Feature

Could Obama really legalize undocumented immigrants by executive order?

Marco Rubio's claim is the latest attempt to get the GOP to budge on immigration

With momentum on immigration reform grinding to a halt, Sen. Marco Rubio (R-Fla.) is trying to motivate Republicans by invoking the ultimate conservative bogeyman: President Barack Obama.

"I believe that this president will be tempted, if nothing happens in Congress, he will be tempted to issue an executive order like he did for the DREAM Act kids a year ago, where he basically legalizes 11 million people by the sign of a pen," Rubio told Preston Scott on Tallahassee's WFLA radio. "Now, we won't get an E-Verify, we won't get any border security.
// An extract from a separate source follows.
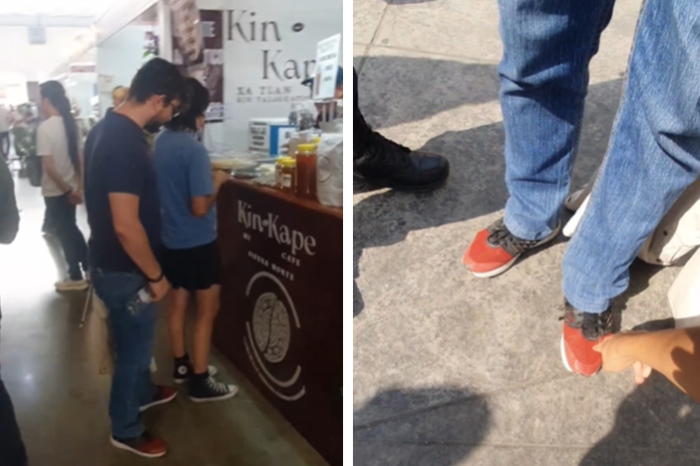 Un ciudadano captó en video el momento en el que el hombre se acerca a una joven y coloca el pie debajo de ella, por lo que fue confrontado por la persona que lo sorprendió, quien lo siguió hasta que encontraron con unos policías, y ahí fue detenido.

But he'll legalize them."

Rubio is the Republican face of bipartisan immigration bill that passed the Senate in June, in what is increasingly looking like a disastrous political decision for the once-rising star, given the GOP base's opposition to the legislation. The bill includes liberal priorities, like a path to citizenship, as well as conservative ones that Rubio mentioned: Beefed-up border control and tougher legal status verification under a program called E-Verify.

Rubio's suggestion is that unless the GOP-led House gets on board, Obama will ram through a Democratic wish list of immigration reforms, while leaving Republicans in the lurch.

The "executive order" Rubio is referring to happened in June 2012, when Obama issued a policy directive that gave people who would have been eligible for the failed DREAM Act a temporary reprieve from the threat of deportation. (The DREAM Act would have provided a path to legal residency to certain, qualified undocumented immigrants who were brought to the U.S. as children.)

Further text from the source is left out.